Speaking in the House of Commons debate on Ukraine, Ian Austin called for tougher measures against Russia and its president Vladimir Putin.

He said that Russia should be expelled from the G8, called for tougher sanctions and listed Russian assets that should be seized in the UK, including those owned by Putin’s “elite cronies and financial backers” in the UK.

Full text of the speech:

This is the first time since the end of the Second World War that part of a sovereign European country has been annexed by another nation. He is also right to draw attention to the Budapest memorandum, because when we and the Americans signed it in 1994, we gave assurances to protect Ukraine’s territorial integrity and security.

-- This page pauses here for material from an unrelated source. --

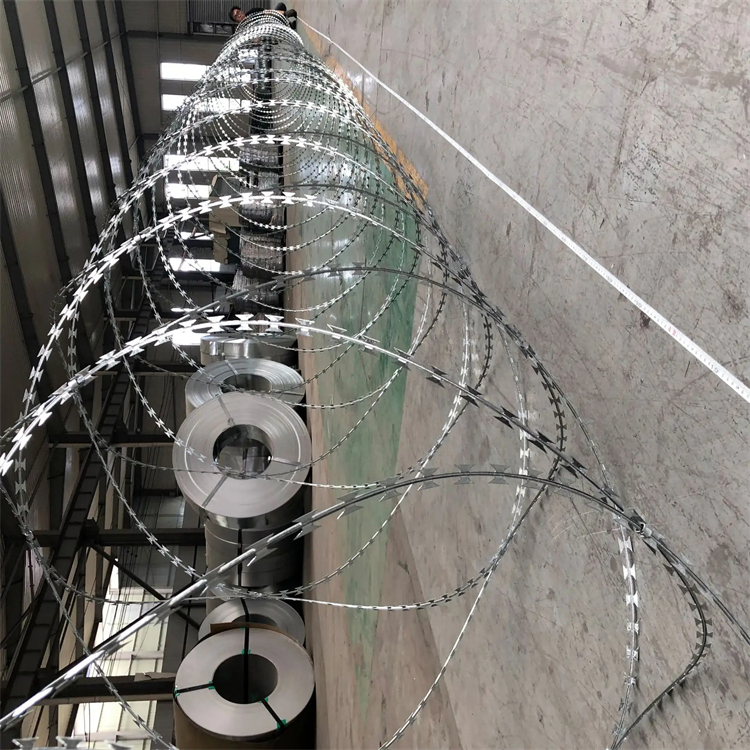 刀片刺繩一般用于監(jiān)獄做防護(hù)用,因刀片鋒利不易觸摸,起到一定的嚇阻作用那個(gè),刀片刺繩,用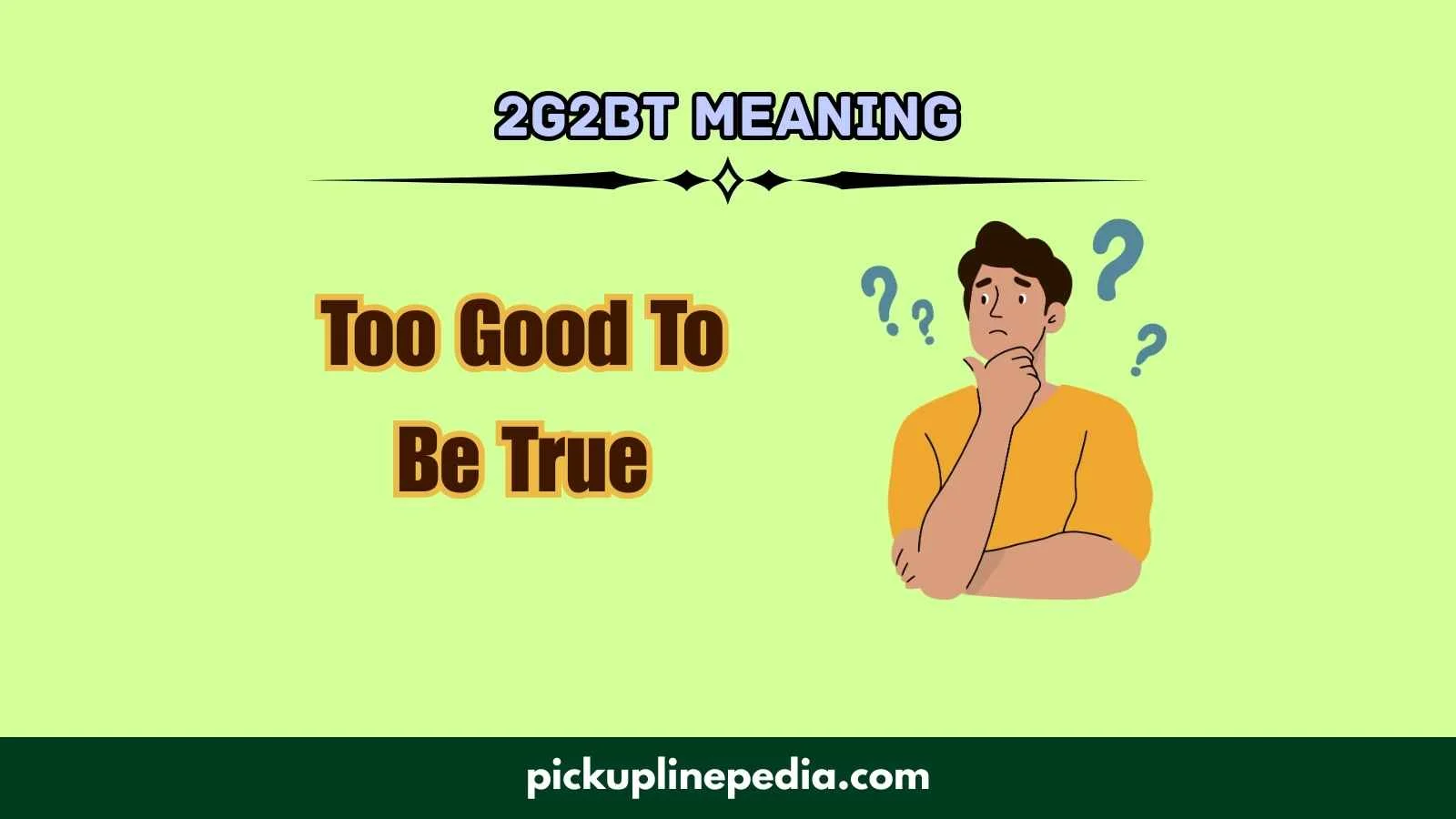 With the rise of internet culture in the early 2000s, phrases began evolving into shorter forms. Just like “LOL” for laugh out loud, “2G2BT” became shorthand for Too Good To Be True.

The Prime Minister has said that Russia has committed a “flagrant breach of international law”, that what has happened is “unacceptable” and that this is “the most serious crisis in Europe this century.”

However, the European response, as the former Foreign Secretary, the right honourable and learned Member for Kensington (Sir Malcolm Rifkind), said earlier, has been absolutely pitiful.

Limited measures on visas and assets have been announced for just 22 people, not a single one of whom is a member of Putin’s inner circle. European leaders might have wanted to send a signal without escalating the situation, but Putin’s response, which was to legitimise the outcome of the ludicrous and illegal referendum held over the weekend, was contemptuous.

Not content with moving Crimea to Russian time, Putin clearly wants to turn the clocks back completely to before the collapse of the Soviet Union.

Putin—a former KGB officer who has said himself that he regards the collapse of the iron curtain as a huge mistake—has made no secret of his belief that Russia should control former Soviet republics.

We have to ask ourselves what has actually changed for Putin, given that, to all intents and purposes, he is a brutal, cold war, Soviet-style dictator, terrorising his opponents at home, murdering them abroad, invading other countries and supporting terrorists such as Assad in conflicts elsewhere.

The only thing that does appear to have changed is that, as we saw with Syria, the west has become utterly impotent, weaker than ever before and unable—or unwilling—to stand up for its values, preferring instead to allow Russian oligarchs to use often ill-gotten gains to buy up huge swathes of London, our businesses, our football clubs and even our newspapers.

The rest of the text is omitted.